I haven't heard a lot of good things about the GT's. It is hard to find a good set that are truly matched to grain weight. The best we have found is the Eclipse's. As far as how to get 200-300 grain bullet points is to cross your fingers.:wink: I think you would probably be better off to just go to a lighter bullet point and make sure the grains are matched better rather than trying to build points to 200 or 300


----------



## YuenglingMan (Apr 26, 2005)

mrb1982 said:


> I shoot the same arrows with 2512's at 31" with 180 grain tips. Fly great. Speed is not an issue so it just kind of depends on your setup. Good luck.


how or what style tips did you use to get 180? heaviest i've found was like 120?


----------



## mrb1982 (Feb 16, 2009)

YuenglingMan said:


> how or what style tips did you use to get 180? heaviest i've found was like 120?

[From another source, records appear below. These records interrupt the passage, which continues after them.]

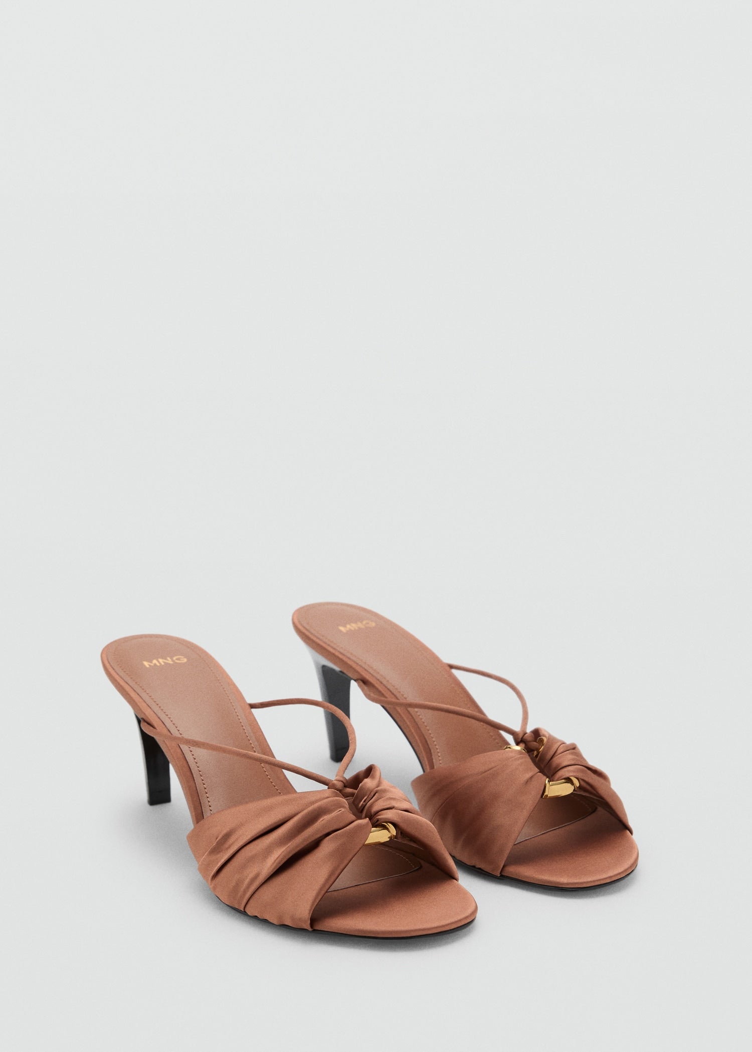 Satin-finish fabric. Gathered strip design. Metallic detail. Open toe. Funnel heel. No Fastening. 8 cm heel.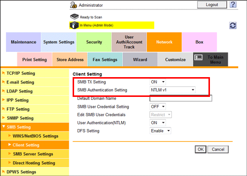 In the administrator mode, select [Network] - [SMB Setting] - [Client Setting], then configure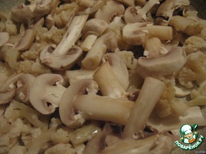Капусту и грибы нарезаем пластинками и кладем на дно противня.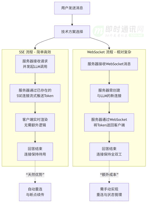 以下流程图清晰地展示了基于不同技术方案的聊天交互过程,其中突出了SSE方案的巨大优势: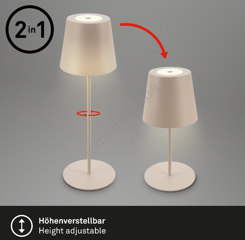 • Briloner 7508011 - Dimbare oplaadbare LED buiten tafellamp 2-in-1 LED/2,5W/5V IP44 beige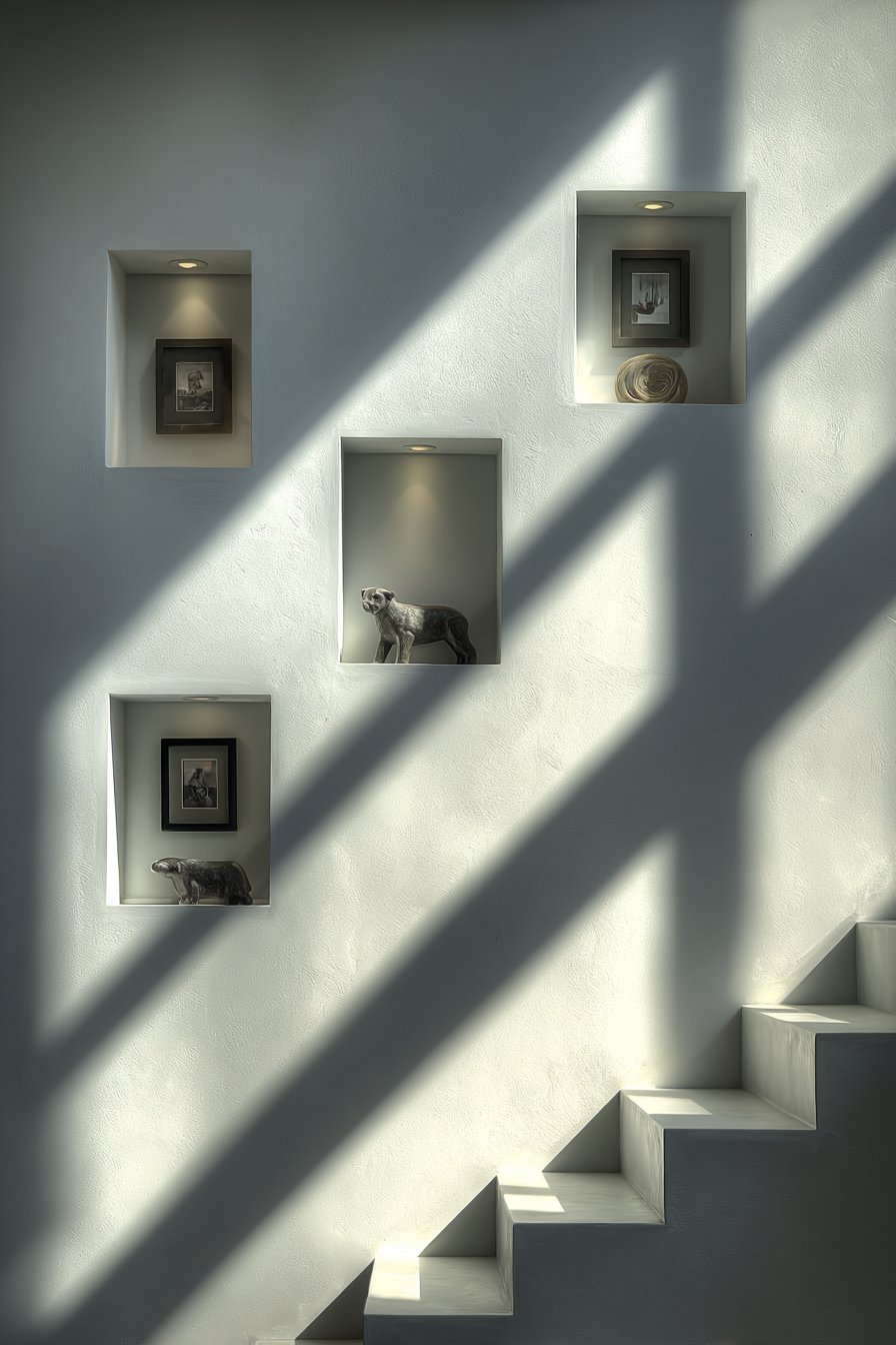 The symmetrical versus asymmetric arrangements represented in these concepts show how compositional strategy affects spatial perception and aesthetic impact. The symmetrical bathroom niches flanking freestanding tubs create formal balance and visual harmony appropriate to luxury bathroom design. The asymmetric living room feature wall niches generate dynamic energy and contemporary edge through varied sizes and positions. The graduated stairway niches create progressive rhythm that complements upward movement while preventing visual monotony. These compositional approaches demonstrate how arrangement strategy can reinforce or contrast with surrounding architectural elements.

I will check into those tips with my pro shop and get back to you. I know that the tip he uses have the ability to add or subract weight to them, but I will ask him and let you know.


----------



## YuenglingMan (Apr 26, 2005)

*Found*

I was able to find some really nice bullet points @ Lancaster pre-weighted from 100-320gr for the 2613's! gonna get me some soon!


----------



## archerpap (Apr 24, 2006)

I'm shooting 32" 2712's with 300gr. tips. Total weight is about 700gr. Propoint make 2 different style tips in different wieghts for the 26's. Those are probably the ones you saw at LAS. They work great. I've shot both and no problems with either, but the pin points can work for you, or against you. I just haven't got back down to get heavier propoints, so I went back to the 300gr. Easton tips. They work great also.


----------



## NEVADAPRO (Jul 5, 2007)

I think the 2712's fly, group and tune better than the 26's! Most of the people that are shooting them are able to shoot them shorter than 25's or 26's.

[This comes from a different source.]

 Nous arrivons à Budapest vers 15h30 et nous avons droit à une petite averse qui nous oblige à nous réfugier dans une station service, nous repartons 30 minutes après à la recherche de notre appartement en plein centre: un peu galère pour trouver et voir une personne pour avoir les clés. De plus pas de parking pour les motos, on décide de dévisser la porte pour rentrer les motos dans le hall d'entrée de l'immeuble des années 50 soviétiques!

I am shooting them at 31" with 250gr. Propoint Pin Points. They have 4" feathers and a 7" wrap as well. 

I am shooting at 52lbs. with an AMO DL of 29.5". The only problem I have with any shaft with a 11 or 12/1000's wall thickness is they have...well, an 11 or 12/1000's wall thickness!! I bent at least 5 shafts at Vegas this year!! 

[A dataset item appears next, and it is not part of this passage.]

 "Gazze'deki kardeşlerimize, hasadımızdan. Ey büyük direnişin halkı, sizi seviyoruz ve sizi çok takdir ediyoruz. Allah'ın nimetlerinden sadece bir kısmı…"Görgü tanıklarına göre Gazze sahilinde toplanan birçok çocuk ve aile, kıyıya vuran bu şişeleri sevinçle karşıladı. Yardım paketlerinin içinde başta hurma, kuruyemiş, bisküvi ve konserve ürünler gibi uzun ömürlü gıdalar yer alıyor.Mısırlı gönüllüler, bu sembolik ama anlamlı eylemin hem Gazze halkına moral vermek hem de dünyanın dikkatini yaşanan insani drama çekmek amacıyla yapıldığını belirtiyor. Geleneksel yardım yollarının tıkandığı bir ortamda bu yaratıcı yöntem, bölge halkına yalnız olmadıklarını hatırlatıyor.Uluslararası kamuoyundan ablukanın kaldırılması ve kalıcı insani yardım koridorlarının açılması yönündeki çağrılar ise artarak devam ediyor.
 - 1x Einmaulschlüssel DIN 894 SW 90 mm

Good luck and good shooting!! God bless


----------



## archerpap (Apr 24, 2006)

Holy crap Todd...did they give the pros different bales to shoot at(i shot on 10 and 78). I didn't have any problem with mine, other than them 3 arrows that didn't go in the 10 ring...LOL. Even at Louisville they seemed pretty good, all except for them dang 3 arrows out of the x ring again. The bale I shot on Saturday(153) was brand new, and what a pain to pull arrows out, until you got nice holes going.


----------



## YuenglingMan (Apr 26, 2005)

What do you think about the Cobalt 26's, vs the X7 27's? Cobalts seem to be a bit tougher.


----------